Jesus demonstrava grande preocupação com seus ouvintes:
“E com muitas parábolas semelhantes lhes expunha a palavra, conforme o permitia a capacidade dos ouvintes.” (Mc 4.33)
Ele não ministrava sem considerar o receptor da mensagem, sua história, dramas, símbolos, mitos e pressupostos ao ouvir a palavra que ele trazia aos seus corações.
Ao ministrarmos a palavra de Deus em outras culturas, é fundamental a compreensão e entendimento de alguns conceitos antropológicos. Daí a necessidade de se considerar a relação entre a Bíblia e a cultura e entender alguns conceitos antropológicos.
O que é antropologia?
Antropologia pode ser definida como uma forma de conhecimento sobre a diversidade cultural, ou compreensão do que somos a partir do espelho fornecido pelo outro. Trata-se, portanto, de uma maneira de situar entre as fronteiras de vários grupos sociais e culturais abrindo janelas entre eles. Entender como diferentes grupos sociais se comportam, quais são os seus costumes (hábitos comuns aos membros de um grupo social), sua cosmovisão e cultura.

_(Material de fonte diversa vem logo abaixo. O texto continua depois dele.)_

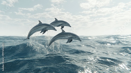 Three dolphins gracefully leaping out of the ocean on a sunny day

“Qual a relação entre fé e cultura? A fé deve continuamente sustentar o diálogo com todas as culturas, inclusive com aquelas que estão nascendo agora; fé e cultura devem estimular-se mutuamente; a fé purifica e enriquece a cultura, mas a cultura purifica e enriquece a fé, pois o diálogo continuo com as diversas culturas liberta a fé, permitindo-lhe mais plena expressão de si mesma e a superação dos limites, dentro dos quais uma cultura determinada poderia encerrá-la. A fé difunde sua luz sobre a vida cotidiana, sobre nosso mundo real.”
Missiólogos afirmam que é necessário levar em conta dois aspectos fundamentais.

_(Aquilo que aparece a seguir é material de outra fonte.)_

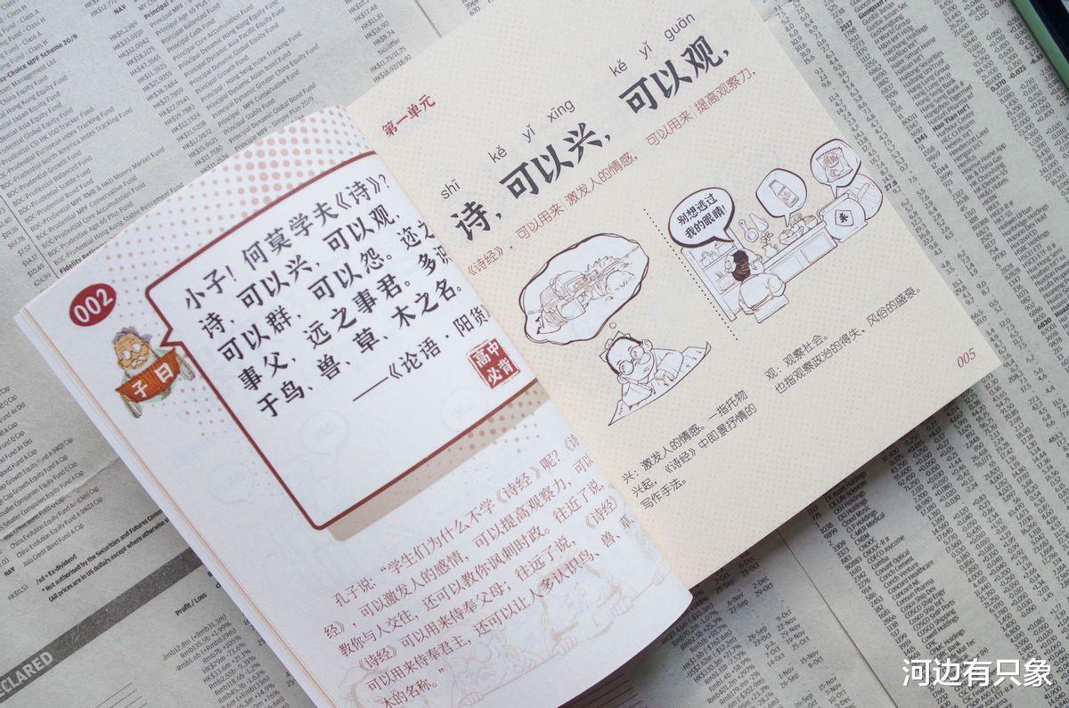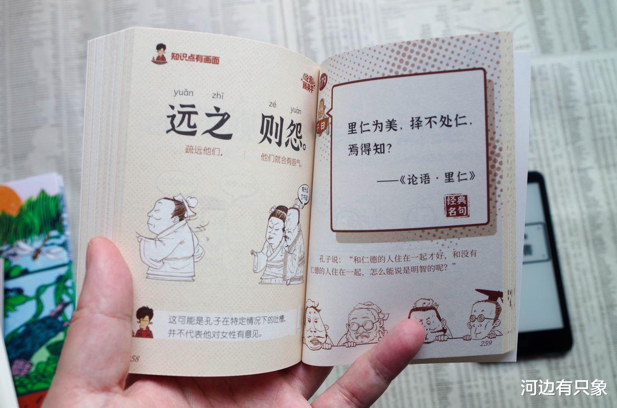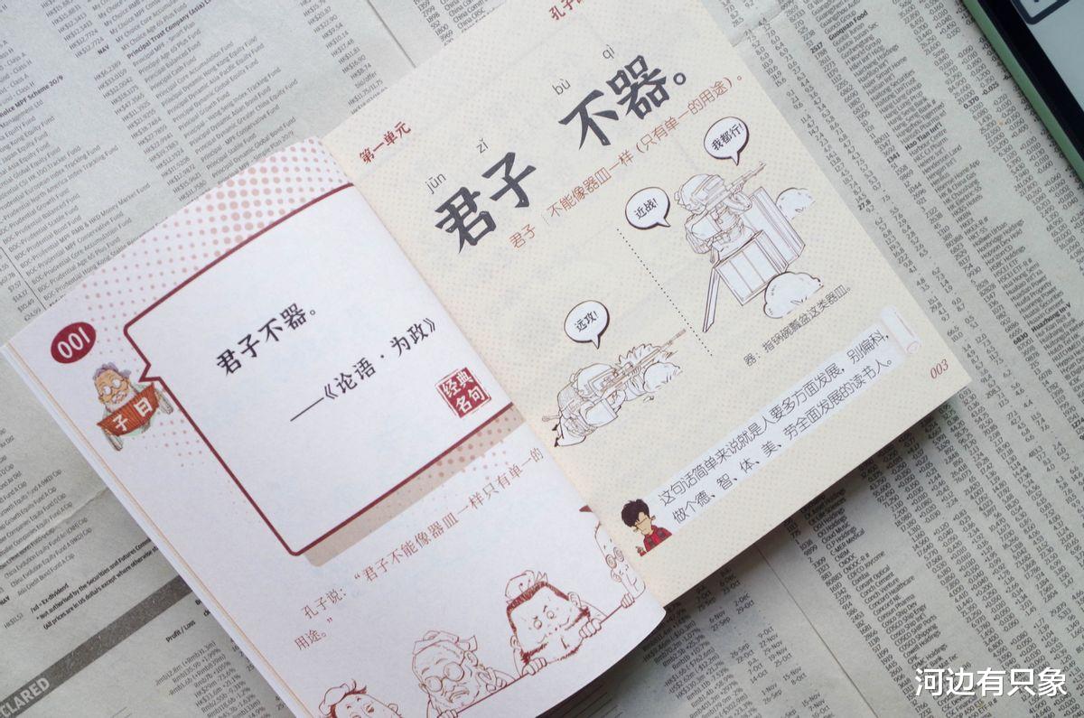 首先是原文,然后下方有翻译,告诉大家这句话是什么意思;然后第二页则是带句读、拼音和解读的详细解读;还有用生活小故事趣味演绎的漫画,让读者轻轻松松理解论语的大道理,可以说《论语》是一点也不枯燥。

1. Lançar mão da antropologia como ciência a partir de si mesma. Não desprezar a pesquisa, estudos e análises de pessoas que, ainda que secularizadas, são capazes de trazer compreensão sobre a realidade de determinadas etnias e culturas,
2. A partir da análise científica construir pontes de comunicação. Dr. John R. W. Stott afirma que “pregar é construir pontes”, entre a cultura do tempo em que a palavra de Deus foi escrita e a realidade que vivemos atualmente. A antropologia oferece as ferramentas de compreensão cultural, enquanto a missiologia aplica tais resultados à prática pastoral, iluminada pela teologia bíblica. Assim a cultura é aprendida e analisada, para que a comunicação do Evangelho seja teologicamente fiel e culturalmente inteligível.
Todo missionário leva consigo a cultura (padrões, normas, rituais, tradições, critérios, crenças), e por mais que se deseja ser culturalmente neutro, pregando simplesmente o Evangelho, ele transmite sua cosmovisão. Ele tende a construir sua teologia a partir das formas que ele absorveu em sua cultura de origem, e isto transparece na liturgia do culto, na tradução de materiais didáticos, nas ilustrações, e assim por diante. Dependendo da forma como o faz, o resultado pode ser uma espécie de “colonização” cultural.
Não é muito fácil criticar sua própria cultura, entretanto, transplantar modelos pode ser a causa do fracasso na comunicação, porque o que deu certo na cultura de origem, não necessariamente se torna aplicável à nova cultura na qual se pretende comunicar a mensagem de Deus. Isto muitas fases traz insucesso e descrédito.
Gildásio Reis afirma que é preciso, portanto considerar pelo menos 3 princípios para entender essa tensão dinâmica entre evangelho e culturas humanas:
1o) O Evangelho deve ser separado de todas as culturas humanas.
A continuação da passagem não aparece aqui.